The lawsuit “does not specifically tie any particular misrepresentation by defendants to a decline in Uber’s stock price,” U.S. District Court Judge Haywood S. Gilliam Jr. wrote in his ruling. The lawsuit only made a “vague and attenuated connection” between Uber’s various scandals and a decline in stock price.
U.S. law prohibits companies from withholding information that may affect finances. The lawsuit alleged that, under Travis Kalanick, Uber hid at least six scandals while “successfully soliciting billions of dollars in private investment.”
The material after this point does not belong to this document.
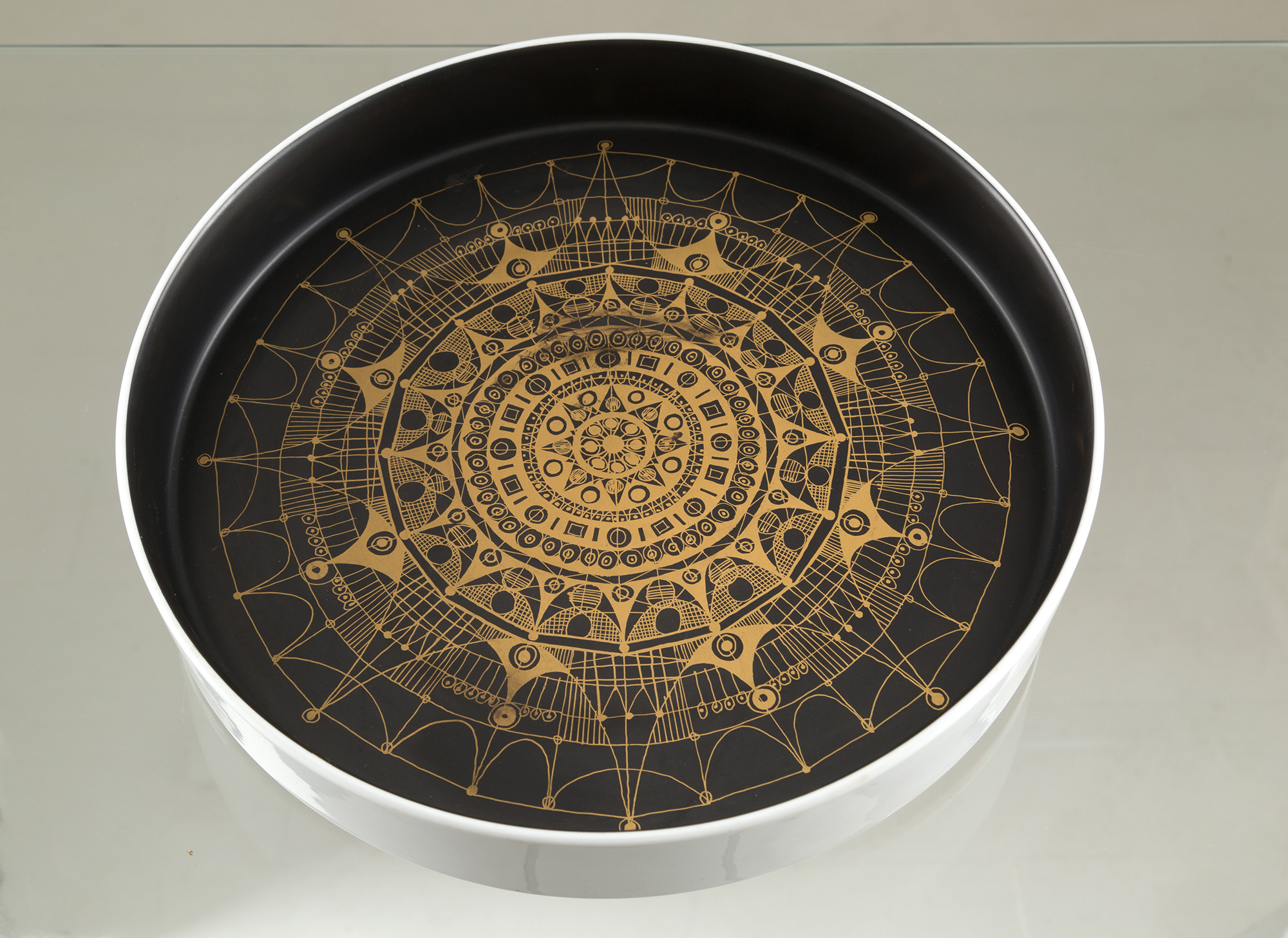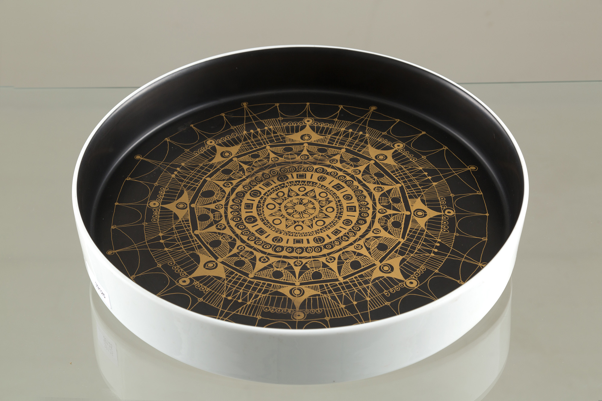 HANS THEO BAUMANN (Basilea, 1924 - Schopfheim, 2016) per ROSENTHAL, STUDIO LINIE. Centrotavola rotondo in ceramica dipinta a motivi geometrici nei toni del nero e dell'oro. Firmato e marcato sul fondo. Anni '60. Difetti. Mis. Alt. cm. 5 Diam. cm. 32 ca.

Kalanick stepped down in June 2017 after a series of scandals, including accusations of widespread tolerance of sexual harassment within the company. He was replaced by current CEO Dara Khosrowshahi in late 2017. Khosrowshahi, who has taken a more diplomatic approach to running the company, was left with the task of addressing scandals from Kalanick’s tenure, including a massive breach that exposed the data of 57 million users.
Investors have other reasons to grumble about Uber. Despite efforts to streamline the company’s operations, Uber remains unprofitable. Nonetheless, the company is expected to undertake an initial public offering (IPO) in 2019, and is expanding beyond its core ride-hailing business with a foray into scooter sharing, and a renewed focus on the Uber Freight trucking business.